Унган вновь поцеловал землю, выпрямился и свернул птичкам шеи, прекратив тем самым их мучения. После чего дородная мамбо взяла их у него и поджарила на огне. Затем положила их в мешок, и он под пение и барабанный бой был повешен на дереве Легбы.
Для непосвященных последующие церемонии отличались от предшествующей только тем, что Папе Локо были принесены в жертву серые петухи, а Дамбале белые петух и курица, а также тем что птицам горло перерезали, затем брали их за ноги и собирали их кровь в специальные сосуды.
К отвращению Мари-Лу унган каждый раз выпивал значительную часть свежей крови, предлагал также дать каждому из барабанщиков, а затем закидывал сосуд с кровью как можно дальше, а ассистенты начинали гоняться за этим сосудом, как в регби, пытаясь прикоснуться к нему и хотя бы пальцем захватить немного чудодейственной крови.
По мере того как продолжались церемонии, негры все больше и больше возбуждались. Казалось, некоторые из них впадали в экстаз и с пеной у рта танцевали до изнеможения. В перерывах ведущие танцоры останавливались и требовали рома. Унган делал вид, что отказывает им, но каждый раз, отойдя немного в сторону, возвращался с бутылкой. После выпивки пляска становилась еще более бешеной, но ничего ужасного или таинственного в службах не было, поскольку они происходили белым днем.
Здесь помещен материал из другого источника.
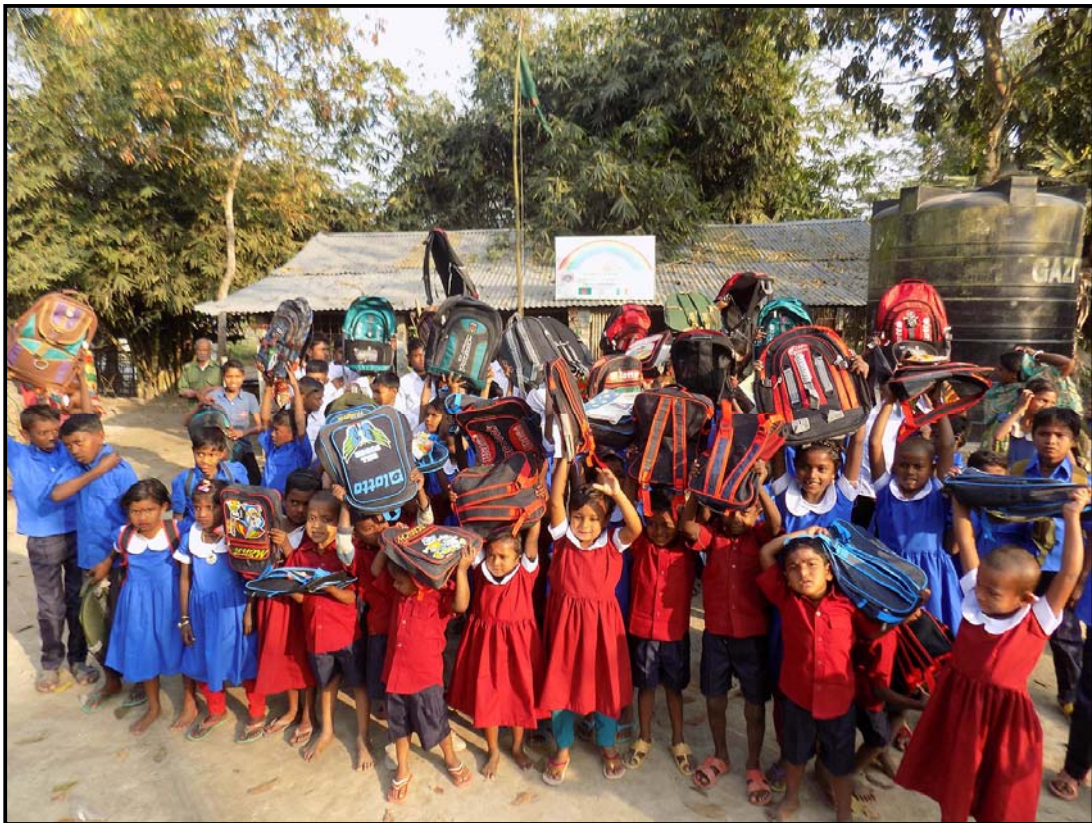
Pre-school kids with the materials...
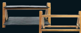
HTC103 Folding Riser Frame 2-Tier Acacia 584mm • HTC104 Folding Riser Frame 2-Tier Acacia 381mm
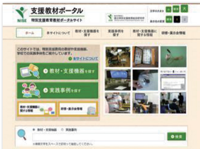
Web site on Assistive Materials Portal Site

Upon receipt of this, in March 2015, the NISE established a “Portal Site for Special Needs Education Materials” (Assistive Materials Portal Site) for the purpose of broad provision of practical application examples and related information in the context of utilization of teaching materials and assistive devices. As of April 1, 2017, the site features 745 informational items about teaching materials and assistive devices, and 87 case studies (practical examples).
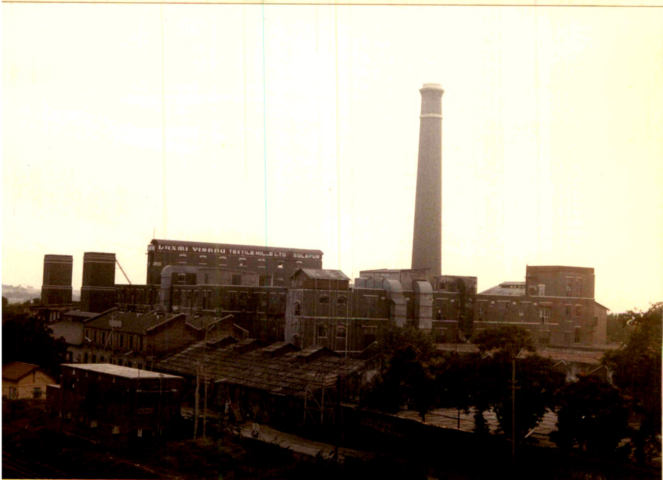
LAXMI-VISHNU MILLS, SOLAPUR.

Перед самым жертвоприношением Дамбале произошел один неприятный эпизод. Через собравшихся пробрались две женщины в черном и остановились около герцога и Мари-Лу. Унчи увидели их и сообщили об этом унгану, который бросился на них с угрозами и проклятиями. Когда он несколько успокоился, де Ришло, заметивший, что во время перерывов в обрядах любые желающие имели возможность спокойно переговорить с ним, спросил, что эти женщины сделали. Унган ответил на ломаном французском, что они в трауре, а поэтому не имеют права присутствовать при церемонии, посвященной Дамбале, ибо она для живых. Их связь с недавней смертью вызывает присутствие, где бы они не находились, барона Самеди или «бога Субботы» по-французски.
— «Лорд Сатэрдей»! Бог субботы! — прошептала Мари-Лу, обращаясь к герцогу. — Что за странное имя для бога!
Доктор услышал, что она сказала, и повернулся к ней с улыбкой.